__EXERCISE REQUIREMENTS__:
Only the lines from the line with "Personalised kids puzzle" through the end of the records belong in your reply, copied exactly, with every picture left out.
↓
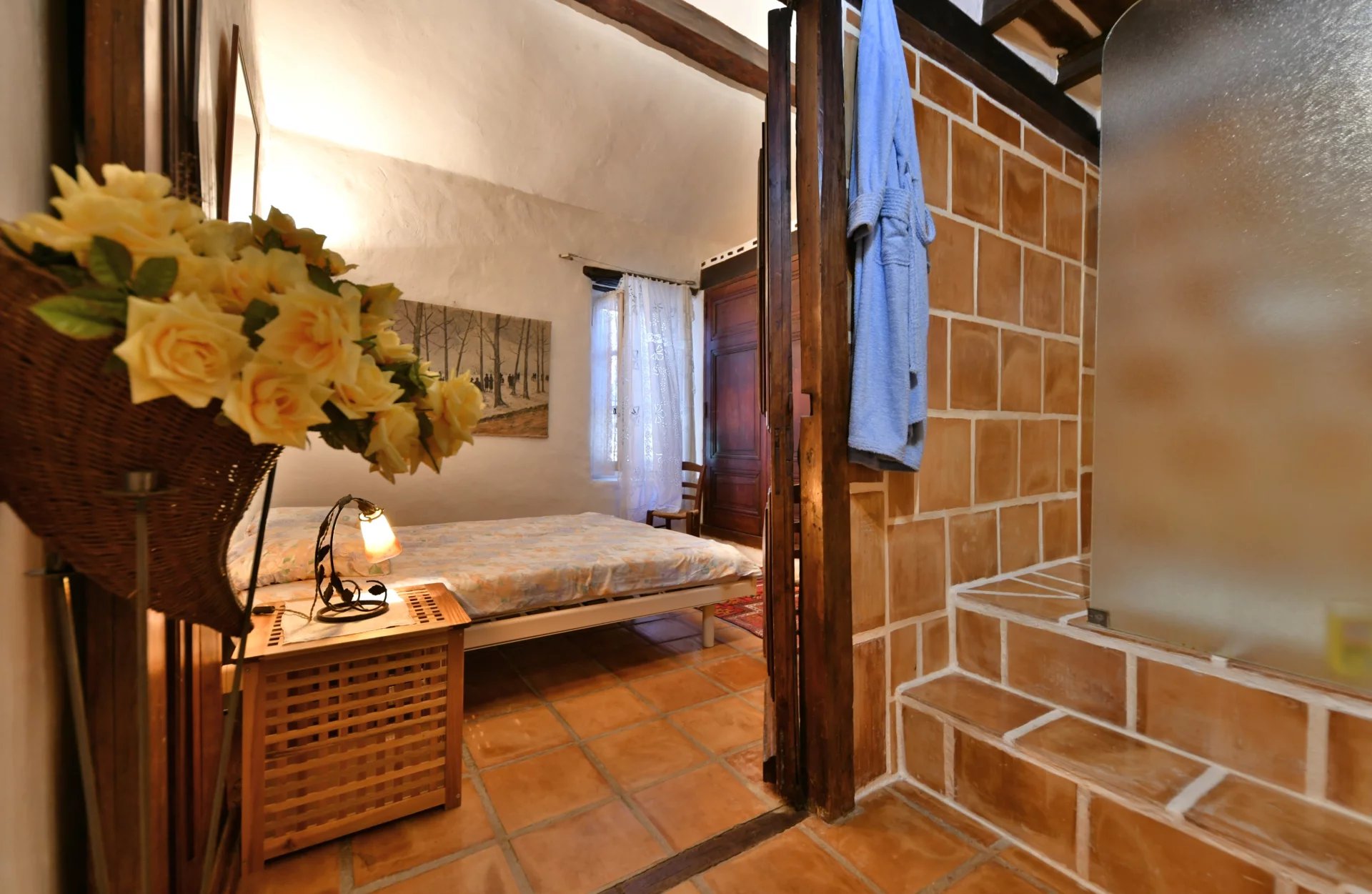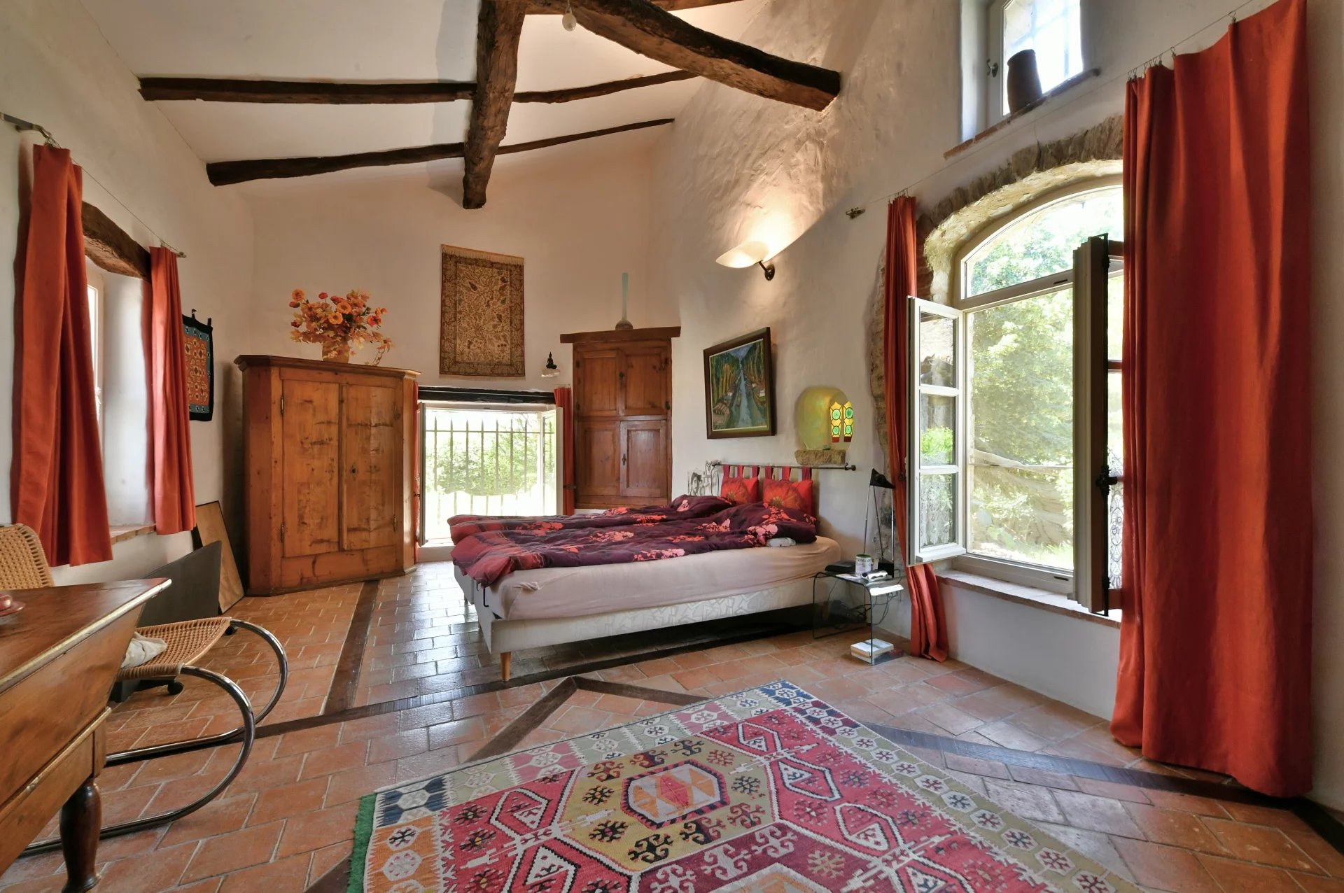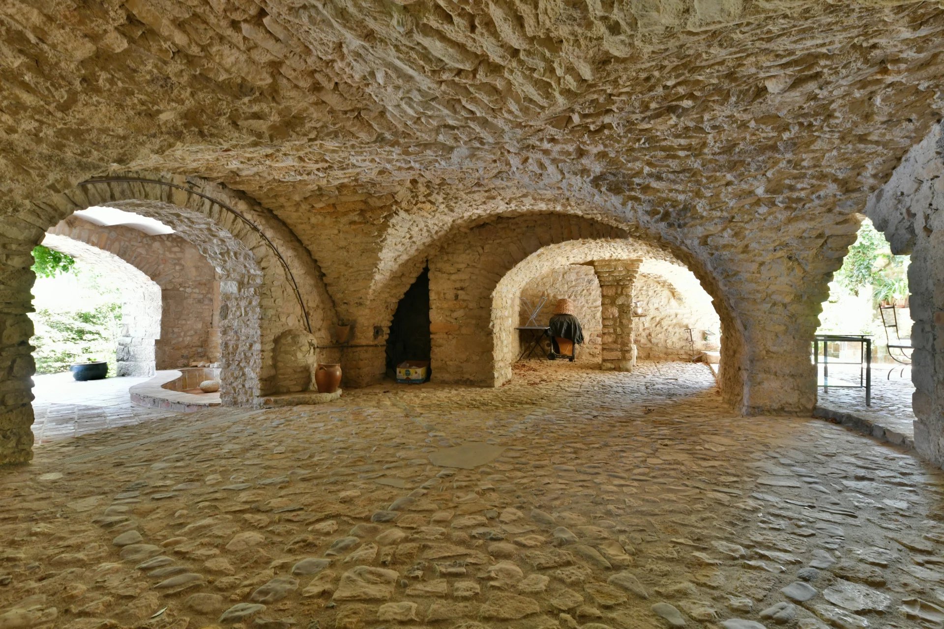 Très beau mas de village de 280 m², sur de sublimes voutes du 12e siècle, ouvertes sur le jardin avec appartement d’invités indépendant : Séjour et cuisine, 1 chambre et une salle de bains.
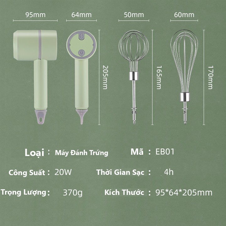 📌THÔNG SỐ SẢN PHẨM: MÁY ĐÁNH TRỨNG CẦM TAY - KHÔNG DÂY📌
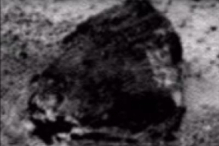 Исследуя найденный объект, уфолог заметил, что на его боку имеется светлое прямоугольное пятно, которое вполне может оказаться названием или номерным знаком "капсулы".
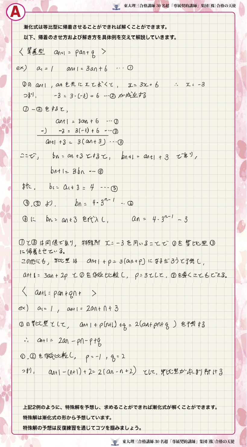 このように、模範解答には予想して数学的帰納法というのがはっきり書いてなかったので分かりにくかったのだと思います。 実際には上記のような思考過程を経ています。
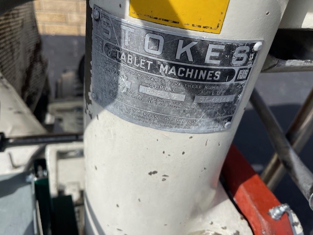 Stokes Model 900-512-1 (B-2) Rotary Tablet Press, 4 ton compression pressure, 16 station, 5/8" max. tablet diameter, 11/16" max. depth of fill, B Tooled, rated 650 tablets per minute. Press is driven by a 3 Hp/3/60/230-460v motor. ** Please note - All sales of tabletting and encapsulation equipment will be registered in accordance to D.E.A. guidelines. **
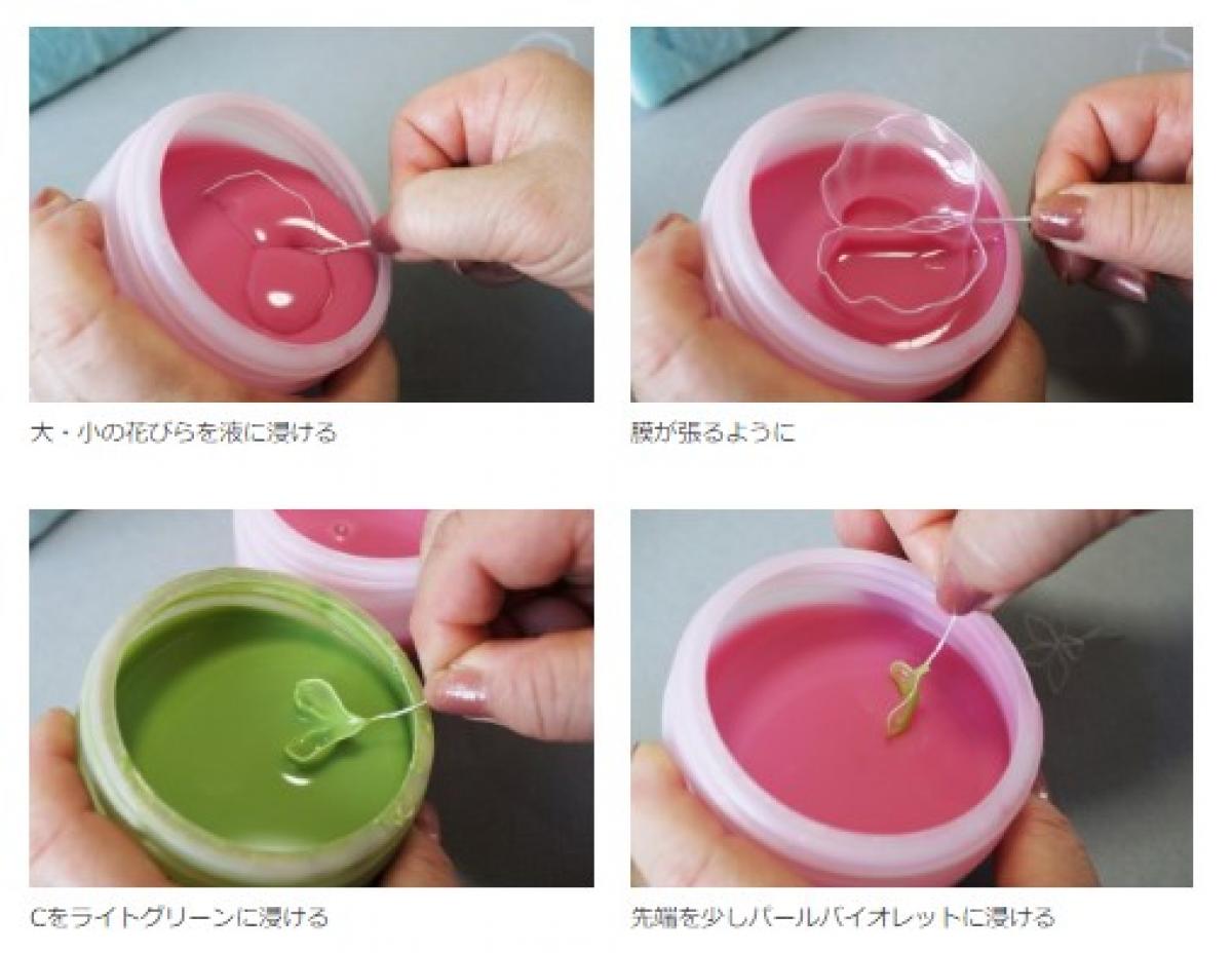 A・Bの花びらをパールバイオレット(No.24)のディップ液に浸けます。
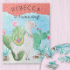 Personalised kids puzzle with adorable llama illustration. The template is set up for you to add the child's name, so the text reads "[name] is llamazing!". The puzzle has a watercolor illustration of an adorable fluffy white llama standing in a cactus garden. She is wearing a pink flower in her hair, tassels and traditional Peruvian saddle mat. Cute and charming design to entertain a llamazing child.
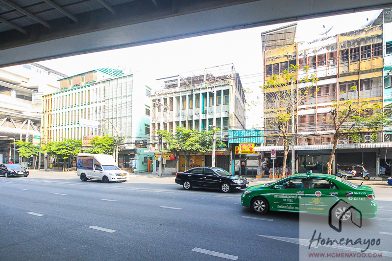 บรรยากาศฝั่งตรงข้ามจะเป็นอาคารพาณิชย์เช่นกัน ซึ่งจะมีทั้งร้านกาแฟ ร้านขายเครื่องใช้ไฟฟ้าและร้านอาหารค่ะ
↑
__OUTPUT__:
 Personalised kids puzzle with adorable llama illustration. The template is set up for you to add the child's name, so the text reads "[name] is llamazing!". The puzzle has a watercolor illustration of an adorable fluffy white llama standing in a cactus garden. She is wearing a pink flower in her hair, tassels and traditional Peruvian saddle mat. Cute and charming design to entertain a llamazing child.
 บรรยากาศฝั่งตรงข้ามจะเป็นอาคารพาณิชย์เช่นกัน ซึ่งจะมีทั้งร้านกาแฟ ร้านขายเครื่องใช้ไฟฟ้าและร้านอาหารค่ะ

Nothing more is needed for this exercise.